Given data:
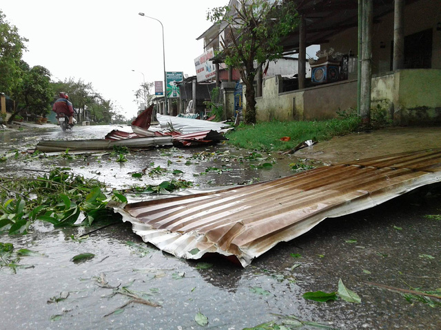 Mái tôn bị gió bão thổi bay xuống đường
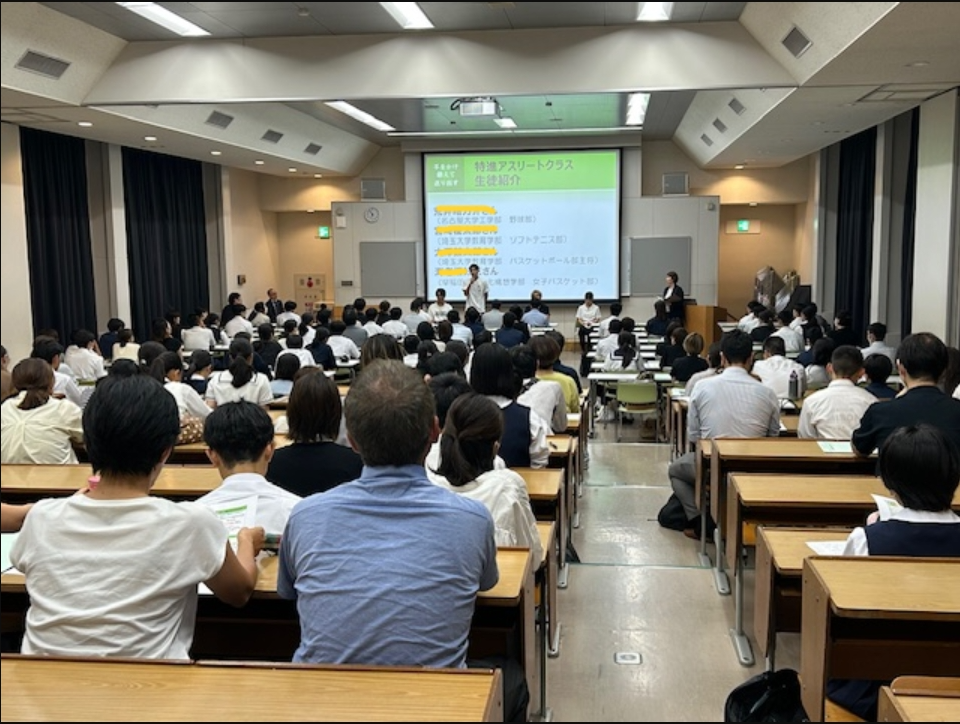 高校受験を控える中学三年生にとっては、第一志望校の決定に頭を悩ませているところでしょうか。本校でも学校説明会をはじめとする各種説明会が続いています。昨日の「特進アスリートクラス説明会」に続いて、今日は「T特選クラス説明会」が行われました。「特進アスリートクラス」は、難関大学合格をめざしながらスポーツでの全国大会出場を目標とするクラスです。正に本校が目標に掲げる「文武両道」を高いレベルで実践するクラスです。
==
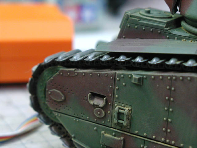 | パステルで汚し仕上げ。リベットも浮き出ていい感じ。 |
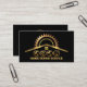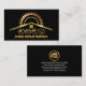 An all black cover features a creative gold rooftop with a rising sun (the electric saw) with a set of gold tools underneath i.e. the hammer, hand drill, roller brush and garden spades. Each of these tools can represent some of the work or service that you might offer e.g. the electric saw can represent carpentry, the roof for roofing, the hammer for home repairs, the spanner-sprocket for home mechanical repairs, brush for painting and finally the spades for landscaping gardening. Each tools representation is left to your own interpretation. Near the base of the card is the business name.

Task item: Give back the exact lines above, running from the one that has "Mái tôn bị gió bão thổi bay xuống đường" through the one that has "高校受験を控える中学三年生に", with nothing added and no pictures.

Exercise result:
 Mái tôn bị gió bão thổi bay xuống đường
 高校受験を控える中学三年生にとっては、第一志望校の決定に頭を悩ませているところでしょうか。本校でも学校説明会をはじめとする各種説明会が続いています。昨日の「特進アスリートクラス説明会」に続いて、今日は「T特選クラス説明会」が行われました。「特進アスリートクラス」は、難関大学合格をめざしながらスポーツでの全国大会出場を目標とするクラスです。正に本校が目標に掲げる「文武両道」を高いレベルで実践するクラスです。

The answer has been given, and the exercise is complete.